Over time, there has been an erosion of trust between our government and the public on many fronts, but particularly on government's inability to manage our borders. This means the SA government was already operating on the back foot of public relations, and citizens were then bound to immediately assume and believe the worst.

Part of the problem is President Cyril Ramaphosa doing what some have called "dancing in the end zone". This is government allowing daily stories about it and its controversies grind the mill without any official pushing back or tone setting, with details only emerging at the end of a speech somewhere. Of course, the Presidency has obviously identified this and his weekly letters seem to want to address current affairs and programmes of government on a regularly. But this is not enough.
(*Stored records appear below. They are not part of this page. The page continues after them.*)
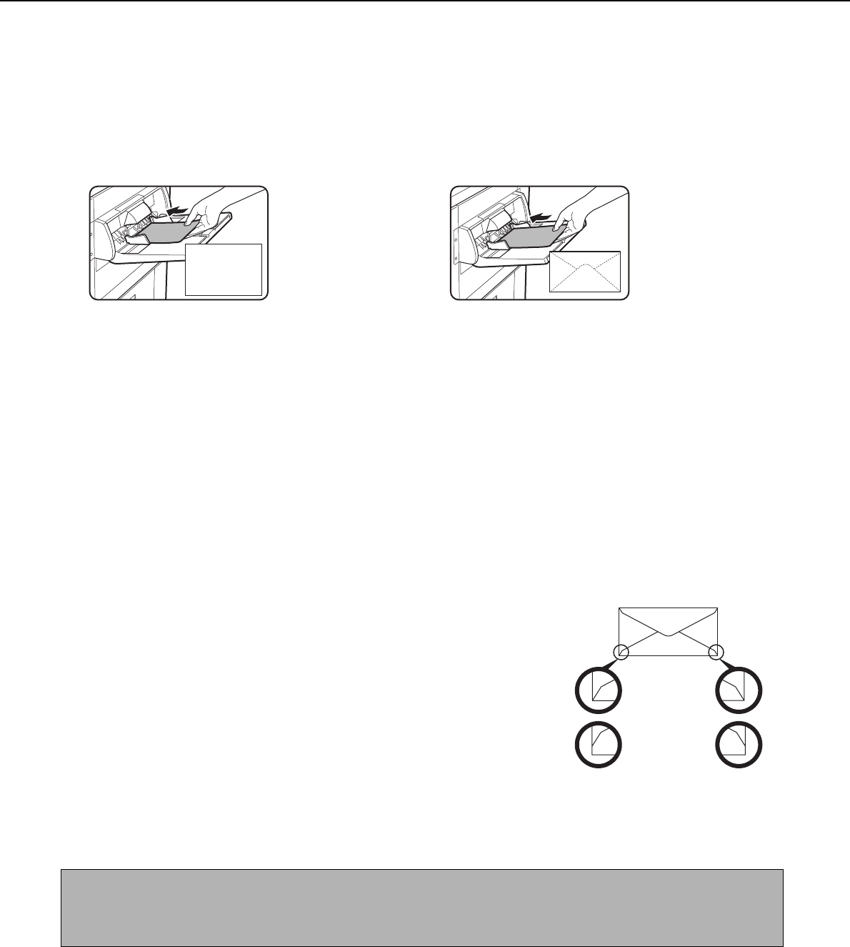 When setting envelopes or postcards in the bypass tray, set them in the orientation shown below.
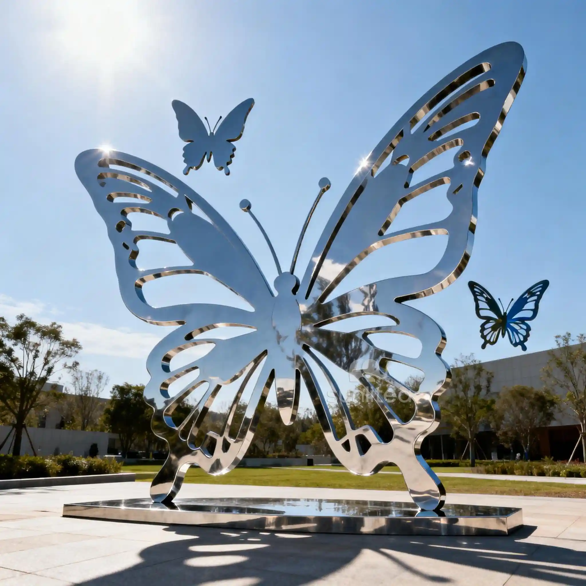 Modern design principles guide this sculpture, emphasizing simplicity and elegance while capturing the essential beauty of butterfly forms. The reflective quality of stainless steel creates interesting interactions with surrounding elements, making each viewing experience unique. Ideal for contemporary gardens, urban outdoor spaces, and modern landscape designs, this piece complements minimalist aesthetics perfectly.
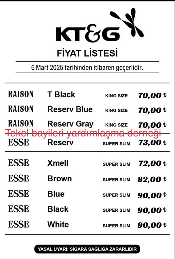 Tekel Bayileri Yardımlaşma Derneği Başkanı Erol Dündar, sosyal medya hesabından yaptığı açıklamada, Esse sigara grubuna 8 TL zam yapıldığını duyurdu.
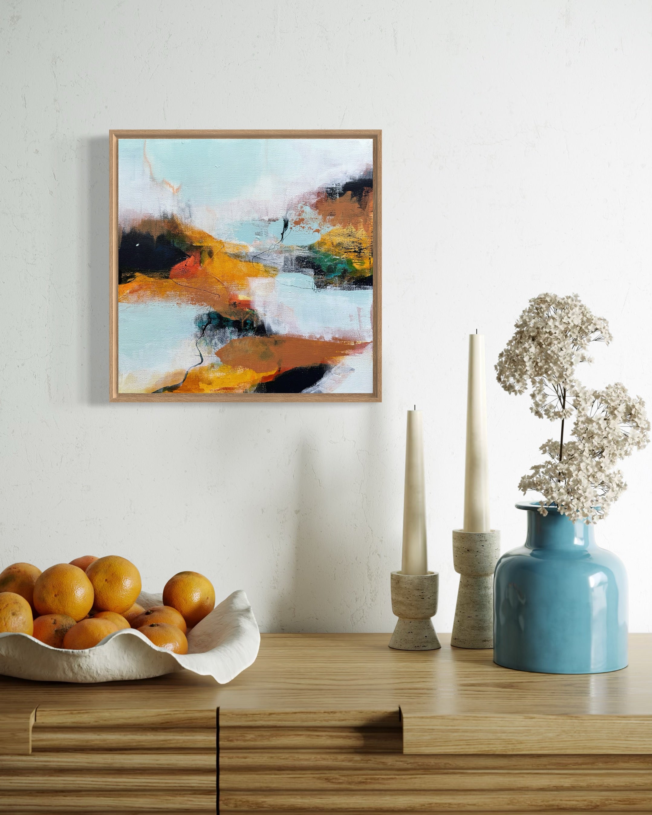 34.5 x 34.5cm. Acrylic on canvas, framed in oak.
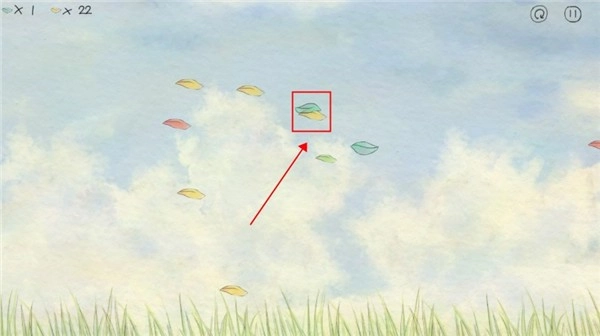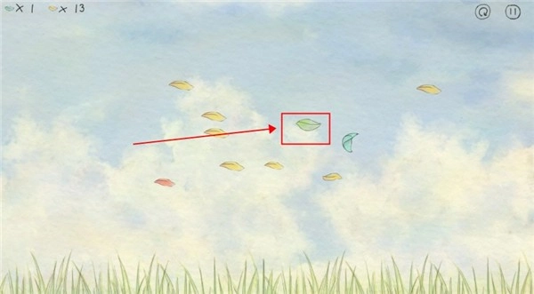 4、因为我们是逆风漂流,因此我们需要触碰绿色叶子,绿色叶子可以使你获得一个加速效果,长时间没有加速你就会迎面出来的风吹到屏幕之外,直接导致游戏结束
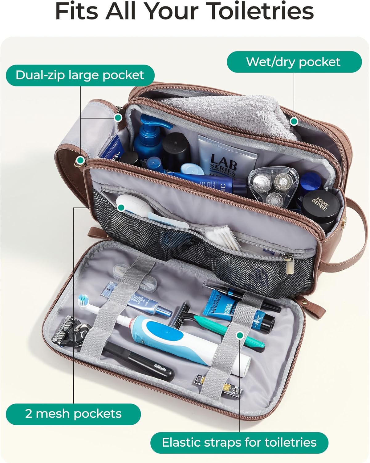 BAGSMART Toiletry Bag for Men, PU Leather Travel Bag for Toiletries, Dopp Kit Water Resistant Shaving Bag for Bathroom Shower-Dark Brown
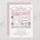 Invitation vos invités à une célébration enchanteresse avec cette invitation au café parisien ! Doté d'une charmante aquarelle illustrant une vitrine de boulangerie française vintage, de fleurs roses douces, de pâtisseries délicates dans la fenêtre et d'un cadre cosy de table de café, ce design est parfait pour créer un événement mémorable et élégant.
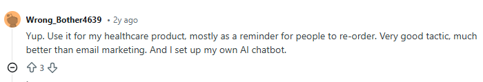 This Reddit user uses WhatsApp to re-engage past customers and nudge them to make new purchases. Technically, what you do here is send existing customers new in-stock alerts, exclusive deals, one-time offers, VIPs, and other perks to boost repeat sales.

There is a reason the media corps in the United States practically live in the White House. Every other day the Press Secretary comes out to face the media, with no speech, no opening remarks, just an opportunity for journalists to ask all the questions they feel the public need answers on from the highest office in the land. Research in the United Kingdom also showed that where the public does not know what their elected officials are doing for longer periods, there are lower levels of trust in those people. The irregular feedback from the high office is a weakness.


Government needs to reboot its public relations. A deeper appreciation of public relations' role is critical, not only for government but for all entities occasionally finding themselves facing a breakdown of trust. Public relations - defined as a persuasion business by some and an image shaper by others - is an attempt to persuade the public that a continued association with you will enrich their lives, and it is the life of any institution. It can either elevate an organisation's turnover and reach - or it can be its death knell.
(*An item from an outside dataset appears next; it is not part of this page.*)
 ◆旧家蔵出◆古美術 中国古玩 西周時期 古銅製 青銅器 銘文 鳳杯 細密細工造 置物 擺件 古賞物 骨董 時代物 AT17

This involves publicity, reputation management, and communication. All public relations tools to connect with the public, used well for this outcome, can help build a thriving, trusted government and brand. The message an organisation sends to the public about how it manages crises and the relationships it builds can set the organisation apart from others. The message may not always be delivered as expected, but enough research and testing can maximise the chances of impact on people.

Public relations also humanises an organisation. After a crisis that most often presents a government and an institution as uncaring and insensitive to human suffering or incompetent, accurate information shared in good time is the most important thing when trying to turn the message around. Once the message is received, it must be aggressively spread in all media platforms, especially the personal spaces on social media.

It's important for institutions to prepare for all scenarios, especially a crisis, so that it is not caught by surprise and unable to respond early to a crisis. Public relations teams must have long-term plans built on priorities.


For most of us who have worked for political principals, our experience has been that most of them are unwilling to go out and face media on controversial matters within their portfolios. There is never a willingness to pair all that they wish the media would share about their work and the things that the media actually want answers for. Media is not at anyone's behest - it also seeks to benefit from the stories it putting out.

Government is working everyday, so let the people know what the government is doing. There are great accomplishments being registered every day, so share that information. However, there are also many challenges, some in part due to the natural difficulty of turning plans into a reality, and there must be constant willingness to open yourself up to media scrutiny for ever the most difficult challenges.

It is this unwillingness to speak to the media about controversy that results in crises miscommunications. This is unacceptable.

To paraphrase Zanele Mbeki, some government leaders want to go to heaven without dying.